EMEUTE

Mon roman « Le réveil du crabe lune » sort aujourd’hui aux Editions Zonaires

EXTRAIT :

    Les rues de la cité étaient étrangement calmes malgré la rumeur trouée d’explosions sporadiques qui montait de la ville nouvelle. Le quartier semblait déserté. Soudain un groupe de jeunes a surgi au coin de l’immeuble. Ils sont passés devant nous en courant. Nous les avons suivis en crachant nos poumons.

    Plus on avançait et plus on entendait les cris, le hurlement des sirènes, et aussi des claquements brefs, des détonations sourdes répercutées en écho. Une lueur rouge passait au-dessus des immeubles. Gigantesque feu de Bengale.

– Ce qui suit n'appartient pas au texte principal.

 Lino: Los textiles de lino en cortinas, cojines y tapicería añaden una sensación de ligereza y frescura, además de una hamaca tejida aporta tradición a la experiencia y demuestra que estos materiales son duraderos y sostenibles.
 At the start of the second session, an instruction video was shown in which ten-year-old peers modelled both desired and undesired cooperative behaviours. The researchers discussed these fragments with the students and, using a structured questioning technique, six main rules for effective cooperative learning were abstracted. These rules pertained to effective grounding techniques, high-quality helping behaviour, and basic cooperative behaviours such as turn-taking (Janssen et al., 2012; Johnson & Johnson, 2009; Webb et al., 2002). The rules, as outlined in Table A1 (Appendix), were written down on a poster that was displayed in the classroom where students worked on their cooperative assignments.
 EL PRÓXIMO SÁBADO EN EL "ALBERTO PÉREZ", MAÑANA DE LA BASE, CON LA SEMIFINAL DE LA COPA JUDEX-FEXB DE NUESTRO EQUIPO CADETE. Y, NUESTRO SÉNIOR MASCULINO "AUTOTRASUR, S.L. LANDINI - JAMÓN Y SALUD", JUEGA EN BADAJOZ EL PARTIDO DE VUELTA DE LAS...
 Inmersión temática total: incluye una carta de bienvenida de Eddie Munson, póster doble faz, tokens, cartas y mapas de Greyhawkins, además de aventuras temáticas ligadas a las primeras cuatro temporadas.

   Les jeunes nous avaient distancés. Nous avons coupé par les pelouses, dévalé la colline. Une fumée opaque nous enveloppait. Une dizaine de garçons ont reflué vers nous en hurlant.

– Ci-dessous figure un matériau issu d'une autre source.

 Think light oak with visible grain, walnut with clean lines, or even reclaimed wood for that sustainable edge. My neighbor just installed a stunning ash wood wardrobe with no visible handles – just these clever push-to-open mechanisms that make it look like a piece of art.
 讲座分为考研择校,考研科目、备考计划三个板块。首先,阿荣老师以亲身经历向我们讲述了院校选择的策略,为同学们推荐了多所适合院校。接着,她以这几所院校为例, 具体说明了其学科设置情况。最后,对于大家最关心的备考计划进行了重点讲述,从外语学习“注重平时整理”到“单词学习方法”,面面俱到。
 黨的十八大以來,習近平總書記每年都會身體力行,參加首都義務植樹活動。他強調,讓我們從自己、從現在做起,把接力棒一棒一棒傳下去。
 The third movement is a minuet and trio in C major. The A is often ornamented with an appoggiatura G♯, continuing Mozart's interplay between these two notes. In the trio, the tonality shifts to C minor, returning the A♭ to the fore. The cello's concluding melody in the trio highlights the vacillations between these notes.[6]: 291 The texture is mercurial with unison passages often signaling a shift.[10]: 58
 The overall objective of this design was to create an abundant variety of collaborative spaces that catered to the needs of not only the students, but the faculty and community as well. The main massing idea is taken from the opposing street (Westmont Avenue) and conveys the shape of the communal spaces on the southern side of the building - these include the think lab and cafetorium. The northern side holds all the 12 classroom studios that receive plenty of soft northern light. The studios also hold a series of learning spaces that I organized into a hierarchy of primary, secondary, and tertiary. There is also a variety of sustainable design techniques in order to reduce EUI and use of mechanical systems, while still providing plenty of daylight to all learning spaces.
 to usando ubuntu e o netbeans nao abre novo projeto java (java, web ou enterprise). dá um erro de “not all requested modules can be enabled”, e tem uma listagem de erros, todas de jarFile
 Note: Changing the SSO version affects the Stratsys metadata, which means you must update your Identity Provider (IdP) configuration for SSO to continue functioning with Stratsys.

    – Ils ont bloqué la rue ! Il faut traverser la ligne du R.E.R.

    Nous avons suivi le mouvement. Deux cons essoufflés au pays de la guérilla urbaine ! De la passerelle qui surplombait le centre commercial on avait une vue imprenable sur l’esplanade du niveau trois que les policiers nettoyaient à coups de matraque. Une voiture brûlait devant le multiplex. Les pompiers gesticulaient derrière les flammes. Leurs formes noires traversaient par instants la fumée striée de bleu par l’éclat des gyrophares. Des groupes s’enfuyaient vers la haute ville. Pietro se tenait le côté.

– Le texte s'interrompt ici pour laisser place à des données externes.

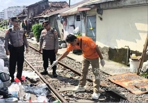 Brv.com||Surabaya – Insiden kecelakaan tragis terjadi di jalur rel kereta api kawasan Kemayoran Baru, Surabaya, Rabu pagi (25/3/2026) sekitar pukul 08.00 WIB. Seorang warga bernama Roepijono (23) dilaporkan terseret kereta api barang hingga mengalami luka serius.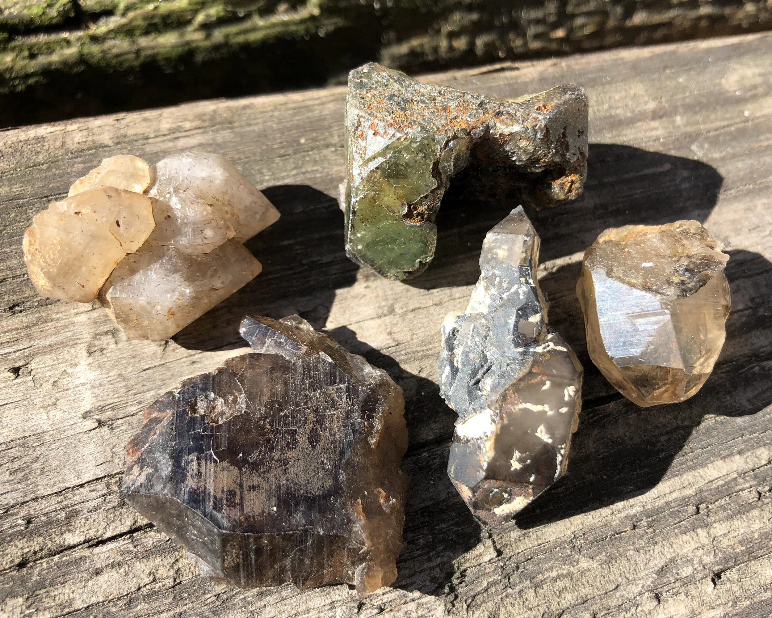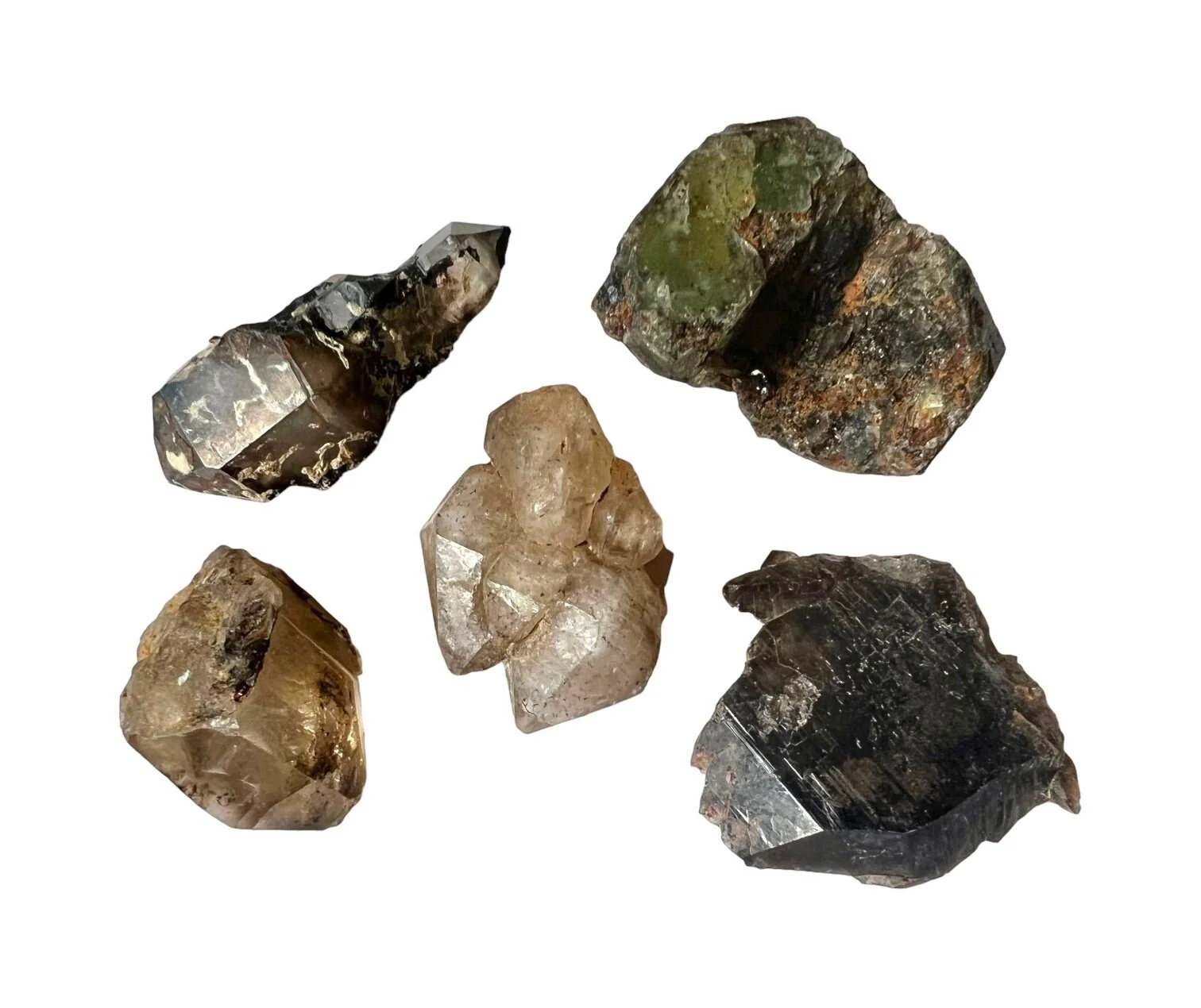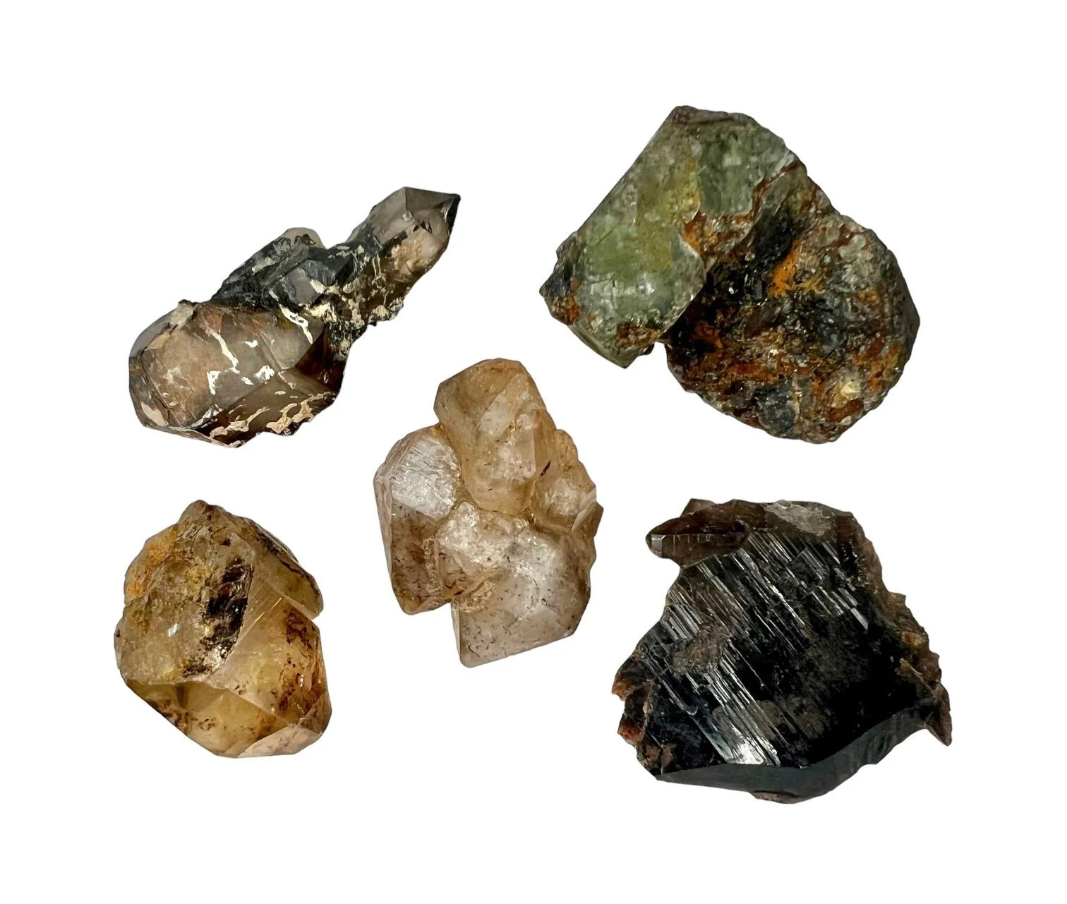 Crystal Set of Namibian Minerals: Green Fluorite, Elestial Smoky Quartz, Harlequin Quartz, Erongo Region Namibia, Mineral Specimens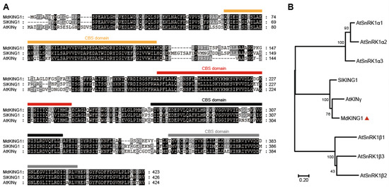 MdKING1 (MD06G1142700) is the homologous of SnRK1 γ subunit in apple. (A) Sequence alignment of KING1 (KINγ) proteins in apple, tomato, and Arabidopsis; the predicted CBS domains are indicated by squares. (B) Phylogenetic analysis of KING1 (KINγ) proteins, SlKING protein, and other SnRK1 subunits in Arabidopsis. The numbers at the nodes of the branches represent bootstrap values. Md, Malus domestica; Sl, Solanum lycopersicum L.; At, Arabidopsis thaliana. Accession numbers are as follows: MdKING1 (MD06G1142700), SlKING1 (Solyc03g111310.3.1), AtSnRKα1 (At3g01090), AtSnRKα2 (At3g29160), AtSnRKα3 (At5g394400), AtSnRKβ1 (At5g21170), AtSnRKβ2 (At4g16360), AtSnRKβ3 (At2g28060), and AtKINγ (AT3G48530). The orange, red, black, and gray bars represent the 4 CBS domains. The red triangle remarks the protein of MdKING1.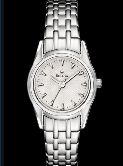 In stainless steel with domed crystal, silver-white patterned enamel dial, calendar, second hand, locking fold-over buckle and water resistance to 30 meters.
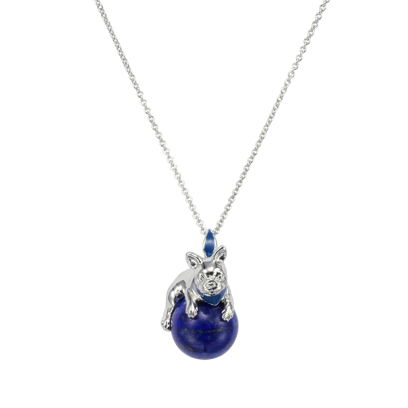 メタルの硬質な輝きと、ラピスラズリのブルーカラーのコントラストが美しいフレンチブルドッグのネックレス。 明るく感情表現がとても豊かなフレンチブルドッグの、どこかユーモラスな表情にも注目。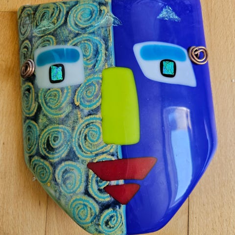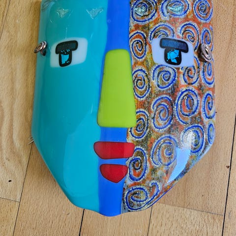 Sælger denne utroligt flotte og farverige glasmaske af den anerkendte danske kunstner Vibeke Skov. Masken er i en sjælden stor størrelse og fremstår i perfekt stand uden skår eller revner.

    – On arrive trop tard, c’est la fin…

    Une cavalcade a fait vibrer la passerelle que nous finissions de traverser. Nous avons sauté en contrebas. Des ados arrivaient au pas de course suivis de près par une dizaine de malabars, tous vêtus de noir, le visage barré d’un foulard. Ceux-là brandissaient des manches de pioche, des battes de base-ball. Quelques secondes après eux, des silhouettes ont émergé de la fumée en courant sans qu’on comprenne de qui il s’agissait. Nous étions coincés. À quelques mètres de nous, un car de gardes mobiles interdisait l’accès à la gare. Nous avons gravi une pente arborée qui nous a ramenés au sommet de la colline. Une barre d’immeubles en demi-lune dominait un vaste terrain de jeux semé de bosquets. Au centre de la place, trônait une immense sculpture métallique. Des fenêtres s’éclairaient les unes après les autres sur la façade du bâtiment. On apercevait des gens penchés à leur fenêtre. Dans les coursives, ça galopait, ça criait.